Mas há sempre quem não goste de cumprir questões de ética social e vai de dar o vulgo "golpe" da fila. Assim, como quem não quer a coisa, avançando em diagonal na direcção da janelinha dourada. Passa um, passa dois, encosta daqui, amassa dali e lá estava ele colado a nós na dianteira, de sorriso subtilmente triunfante, porque queria disfarçar. Lembro-me de olhar para os meus eternos comparsas, indignado. Um deles, indignado como eu e pronto a retaliar à sua maneira, sempre uma maneira veemente e comicamente marcante, mas o outro, calmo, sereno, como se tudo fosse normal, como se fossem momentos de alívio ou prazer.
O odor a urina nem se fazia notar, mas a capa académica do "amigo" golpista ia ter dias de fragrâncias difíceis.
"Estou a mijar e ele está-se a rir"... Palavras sábias e oportunas. Os golpes só resultavam mesmo connosco, nas filas das amarelas. Ali não, porque os dEUS estavam a actuar e não mereciam traições.
PS: Quem sabe "do que eu estou a falar" que se pronuncie...

3 comentários:

João Rodrigues disse...

looool... já ouvi essa história dezenas de vezes e acho-lhe sempre muita piada :D
não assisti à cena, claro... mas adorava ter visto :)
abraço!!!

Anónimo disse...

Eu sei bem do que falas!
Também por lá passei!!!!
Recordo ainda, os apertos, os amassos (alguns, em jeito de apalpões!)!
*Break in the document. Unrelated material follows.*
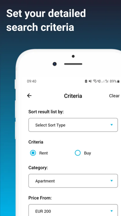 − Select properties according to criteria such as the location, type of property (house, apartment, parking etc.), rental price or number of rooms.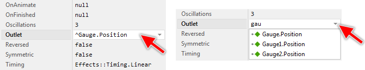 The connection is established by initializing the Effect's property Outlet with a reference to the property you in fact intend to animate. The reference is built by prefixing the name of the desired property with a reference operator ^. Assuming, if you want the Animation Effect to control a float property named Position of an embedded GUI component named Gauge, you have to initialize Outlet with the expression ^Gauge.Position as shown in the screenshot below. Please note, that using the Inspector Assistant you can conveniently select the right property:

As filas que pareciam não terminar!!! E a vontade frenética em entrar no recinto de todas as loucuras! Daí que, por vezes, os "penetras" fossem, algumas vezes, enxovalhados! Mas, enfim, naqueles dias,desculpa, naquelas noites, quase tudo era permitido!!!
Bons tempos, que através deste teu pequeno episódio pude carinhosamente recordar e, com o qual, também me revi!!!

Azoreano Náufrago disse...

Entre os inúmeros episódios que marcaram a nossa passagem por Coimbra, este aqui relatado, é aquele que me vem com mais frequência à memória! Às vezes dou por mim a rir sozinho quando o recordo...
Naquela noite, e naquele amontoado de capas negras, se quisesse coçar o nariz, teria de pedir ao "morcego" do lado. Era impossível levantar o braço. O cigarrito era todo consumido sem sair dos lábios. O excesso de cerveja obrigava a muitos desvios até às margens do Mondego.
Mas naquele momento, era impossível sair dali. Nem para a frente, nem para trás e nem para os lados...
Aquele sujeito era alto e tinha a mania que dava o "golpe". A minha mão estava em baixo, bem perto da braguilha. A vontade voltava a apertar. E nem foi preciso encher-me de coragem para lhe urinar em cima. Enquanto isso, ele ria. Ria muito. E nós também!
Ainda hoje me orgulho de tal feito heróico!
Ah, e aquele concerto de dEUS foi sem dúvida o concerto da minha vida!
Um grande abraço para vocês dois e que se "fodam" os encontros de hora em hora, na Florbela Espanca!